YOUR OBJECTIVE. In the listing below, the lines starting at the line with "The Furla Moonstone" and ending at the line with "Compatible with Apple" are to be output verbatim. Images stay out of the copy.

RECORD SET.
*** Block opens ***

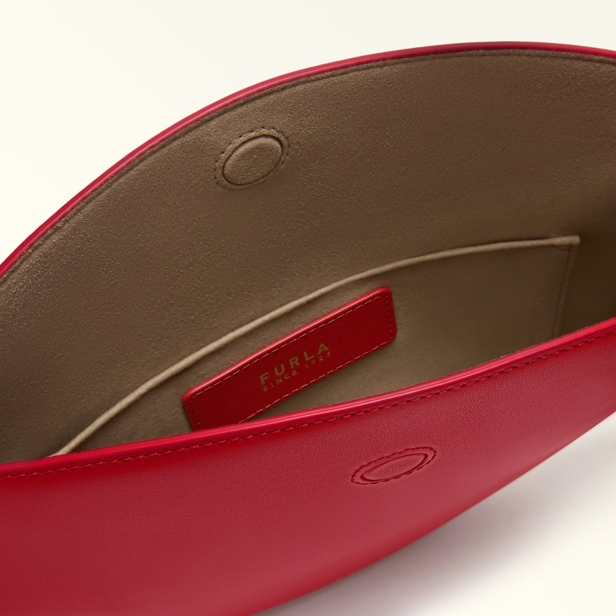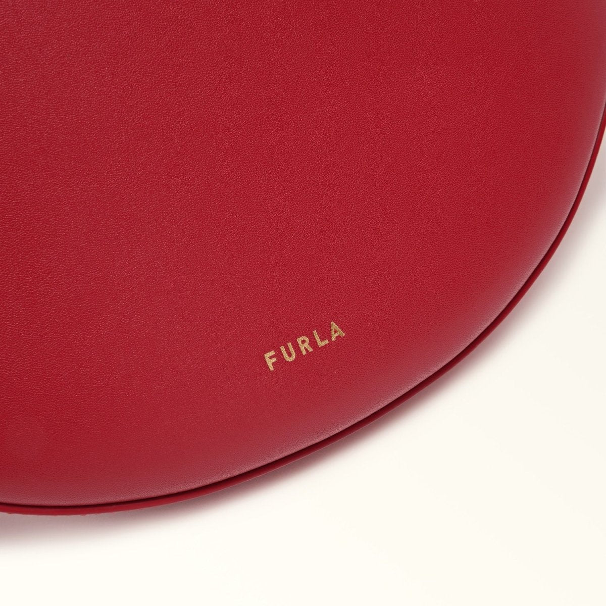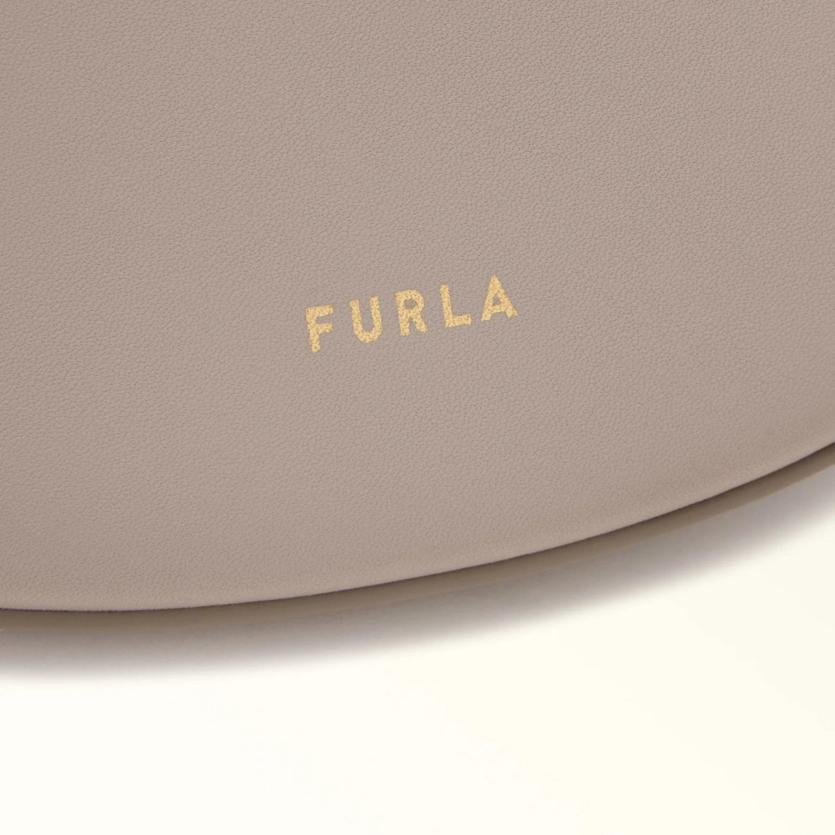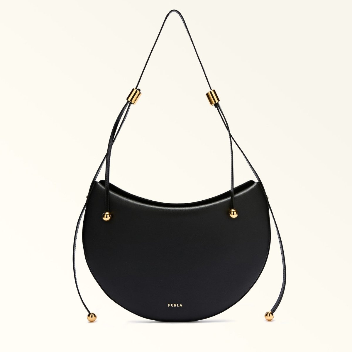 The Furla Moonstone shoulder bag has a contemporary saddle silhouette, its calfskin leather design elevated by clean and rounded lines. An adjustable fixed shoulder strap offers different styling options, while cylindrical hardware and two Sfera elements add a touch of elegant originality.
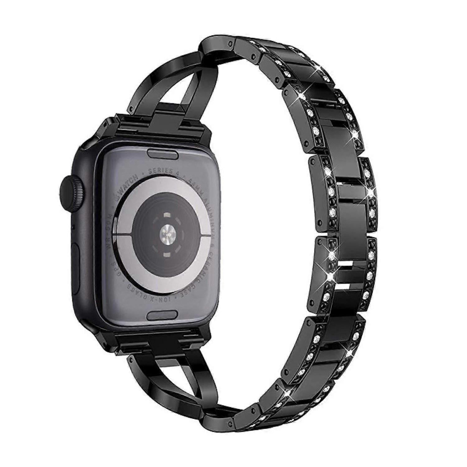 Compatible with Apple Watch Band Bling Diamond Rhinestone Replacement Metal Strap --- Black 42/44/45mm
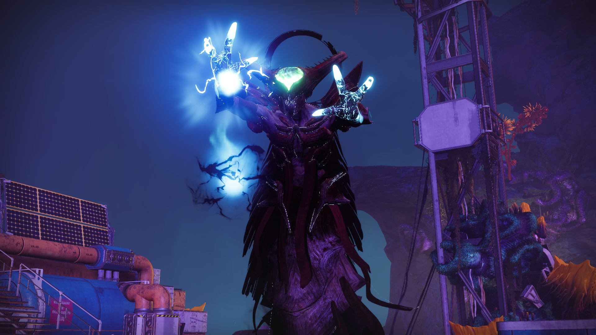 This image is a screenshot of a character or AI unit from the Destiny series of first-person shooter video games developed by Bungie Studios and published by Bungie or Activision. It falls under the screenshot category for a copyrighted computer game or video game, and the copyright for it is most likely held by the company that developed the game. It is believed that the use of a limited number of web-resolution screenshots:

*** Block closes ***
*** Block opens ***

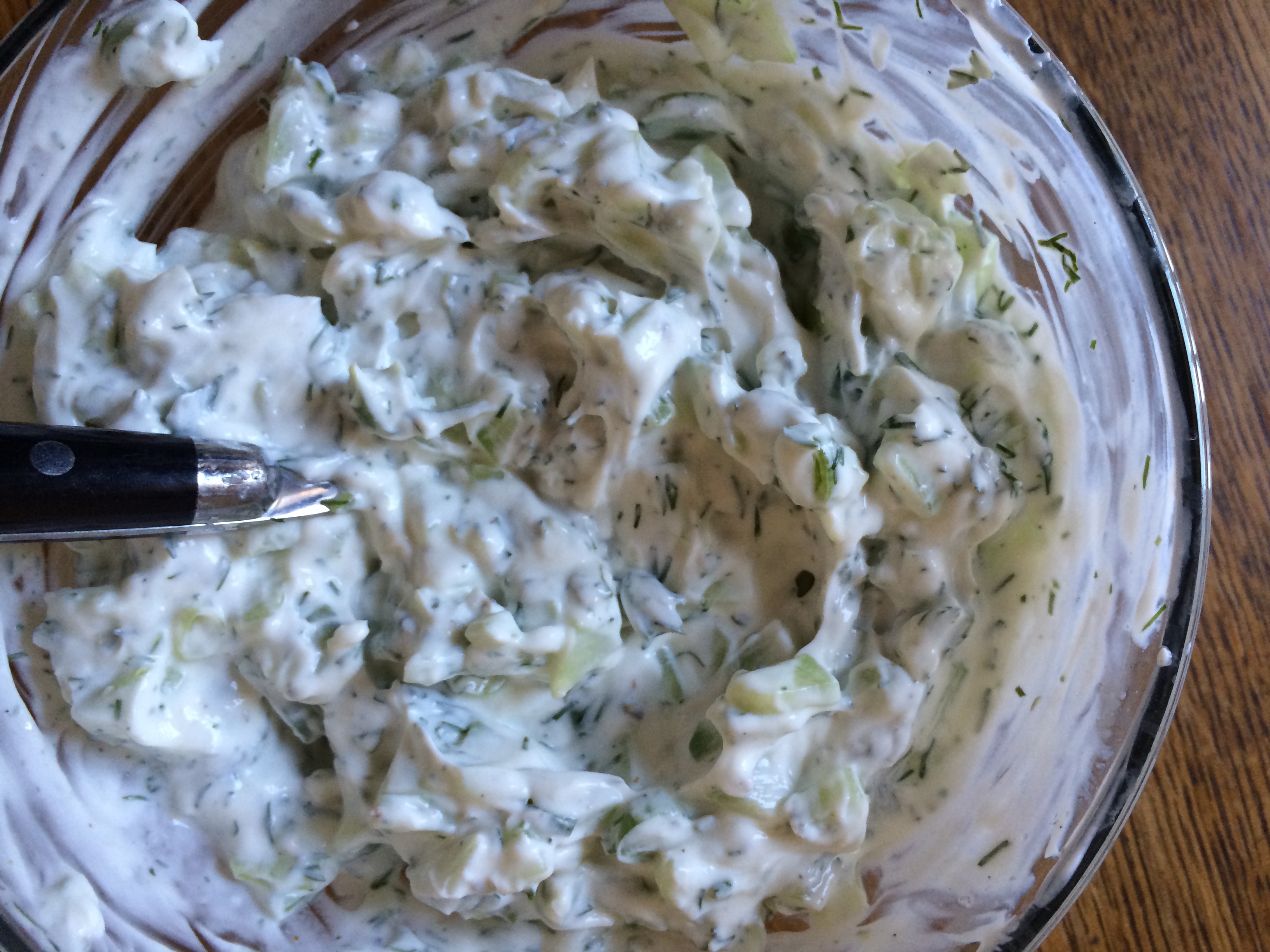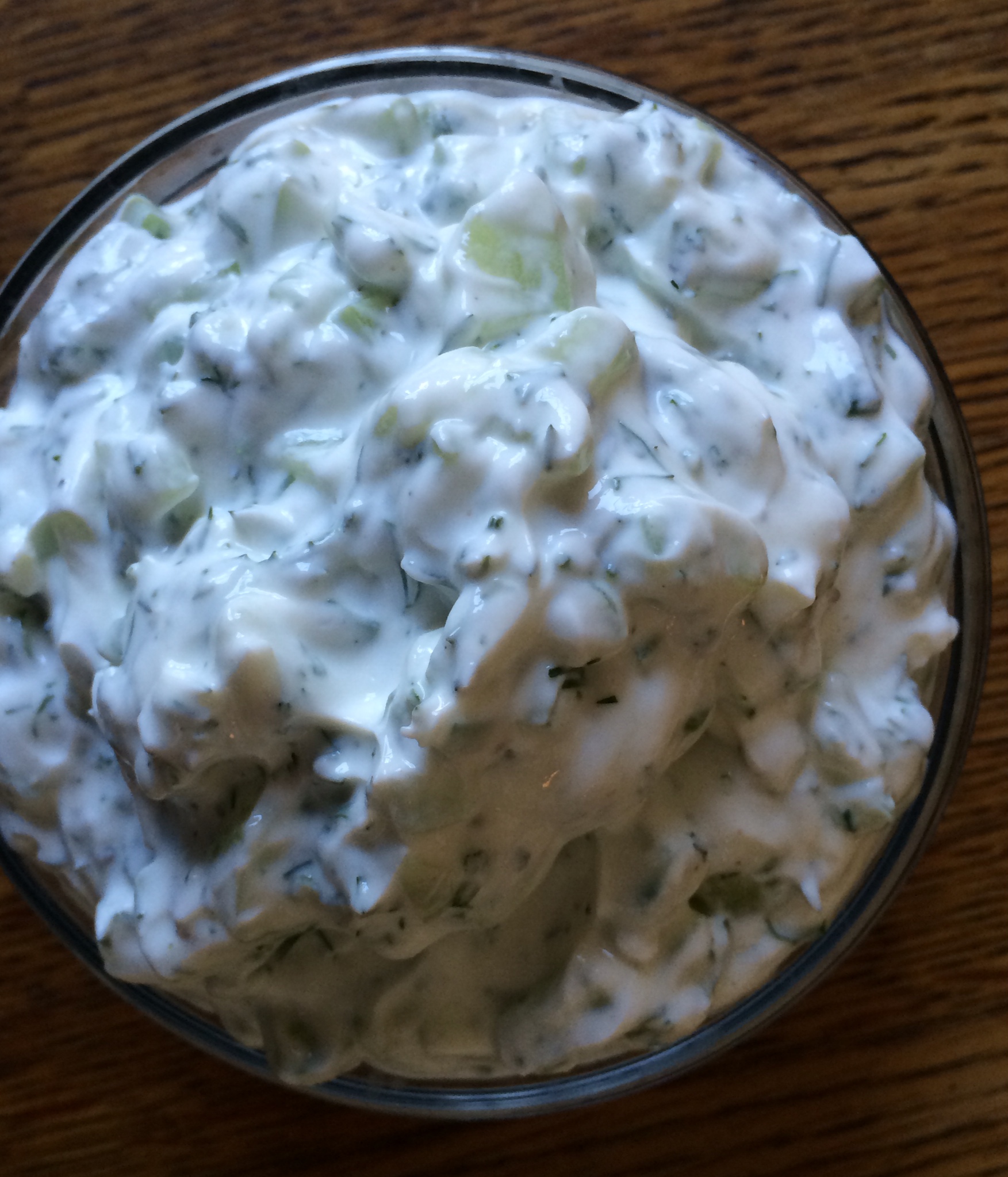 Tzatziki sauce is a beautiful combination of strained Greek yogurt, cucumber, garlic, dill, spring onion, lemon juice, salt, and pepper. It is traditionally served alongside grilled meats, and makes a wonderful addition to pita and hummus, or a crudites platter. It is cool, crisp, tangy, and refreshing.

*** Block closes ***

WRITTEN SOLUTION.
 The Furla Moonstone shoulder bag has a contemporary saddle silhouette, its calfskin leather design elevated by clean and rounded lines. An adjustable fixed shoulder strap offers different styling options, while cylindrical hardware and two Sfera elements add a touch of elegant originality.
 Compatible with Apple Watch Band Bling Diamond Rhinestone Replacement Metal Strap --- Black 42/44/45mm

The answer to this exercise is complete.